Experiment 2: The half moon dataset#
The half moon dataset is available in the scikit-learn
package.
[9]:
from sklearn.datasets import make_moons
def moon_data(N, noise):
data, _ = make_moons(n_samples=N, shuffle=True, noise=noise)
X, Y = data[:, 0].reshape(-1, 1), data[:, 1].reshape(-1, 1)
return X, Y
[10]:
X, Y = data = moon_data(N, NOISE_STD)
plt.plot(X, Y, "ro", alpha=0.3)
plt.xlabel("$x$")
_ = plt.ylabel("$y$")

The only difference in the MDN’s setup is that we lower the number of mixture components.
[11]:
model = MDN(inner_dims=[100, 100], num_mixtures=5)
[12]:
Scipy().minimize(
model.training_loss_closure(data, compile=True),
model.trainable_variables,
options=dict(maxiter=ci_niter(int(10e3))),
)
print("Final Likelihood", model.maximum_log_likelihood_objective(data).numpy())

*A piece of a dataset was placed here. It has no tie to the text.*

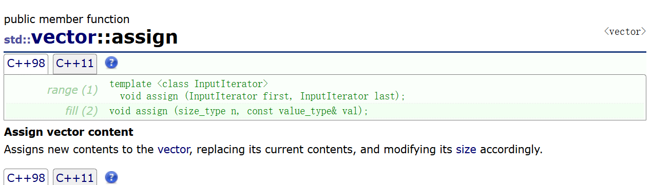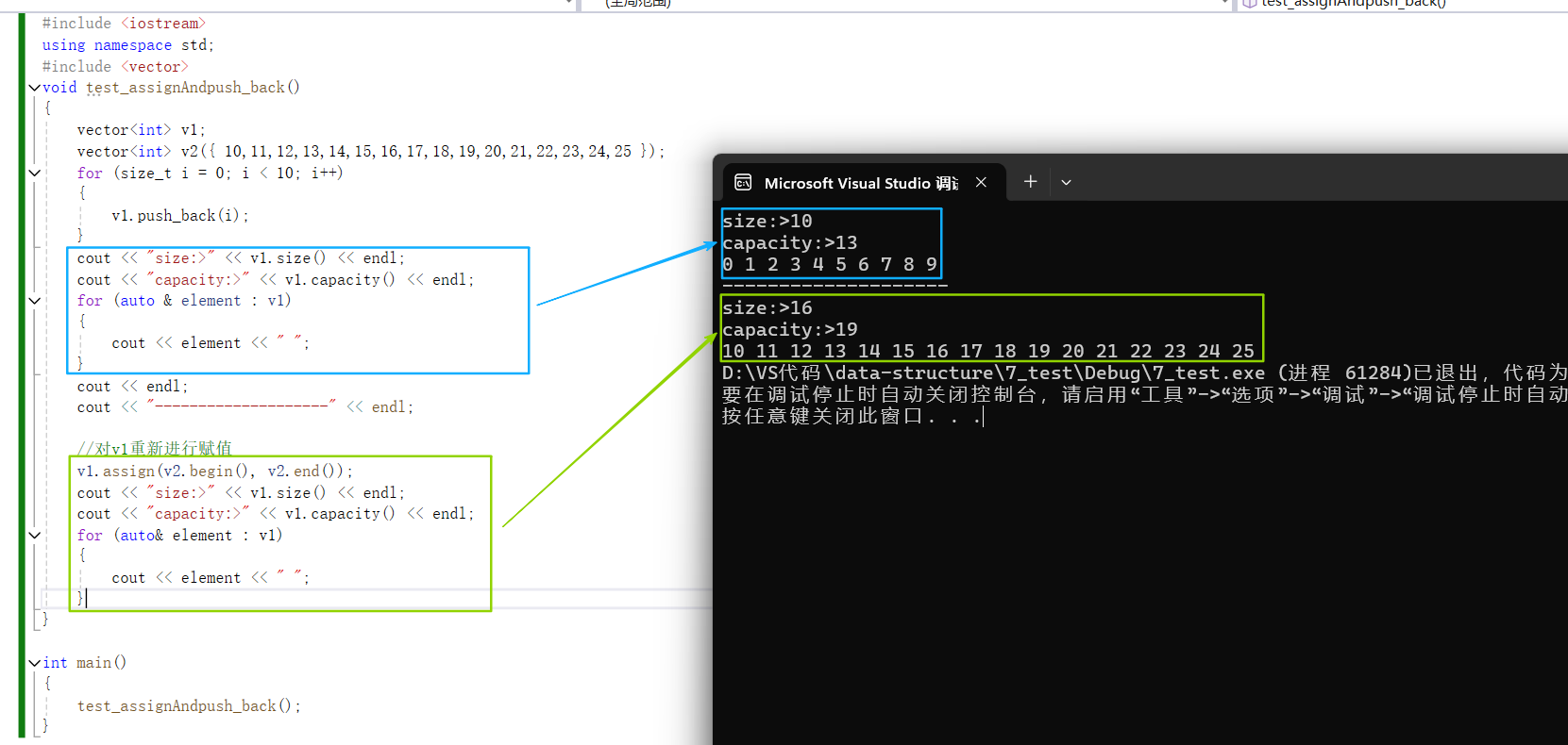 {vector<int> v1;vector<int> v2({ 10,11,12,13,14,15,16,17,18,19,20,21,22,23,24,25 });for (size_t i = 0; i < 10; i++){v1.push_back(i);}cout << "size:>" << v1.size() << endl;cout << "capacity:>" << v1.capacity() << endl;for (auto & element : v1){cout << element << " ";}cout << endl;cout << "--------------------" << endl;//对v1重新进行赋值v1.assign(v2.begin(), v2.end());cout << "size:>" << v1.size() << endl;cout << "capacity:>" << v1.capacity() << endl;for (auto& element : v1){cout << element << " ";}

Final Likelihood 183.9142768444019
[13]:
fig, axes = plt.subplots(1, 2, figsize=(12, 6))
for a in axes:
a.set_xlim(-2, 3)
a.set_ylim(-1.5, 2)
plot(model, X, Y, axes, cmap=CMAP)

References#
[1] Bishop, Christopher M. Mixture density networks. Technical Report NCRG/4288, Aston University, Birmingham, UK, 1994.
[2] Dutordoir, Vincent, et al. “Gaussian Process Conditional Density Estimation.” Advances in Neural Information Processing Systems. 2018.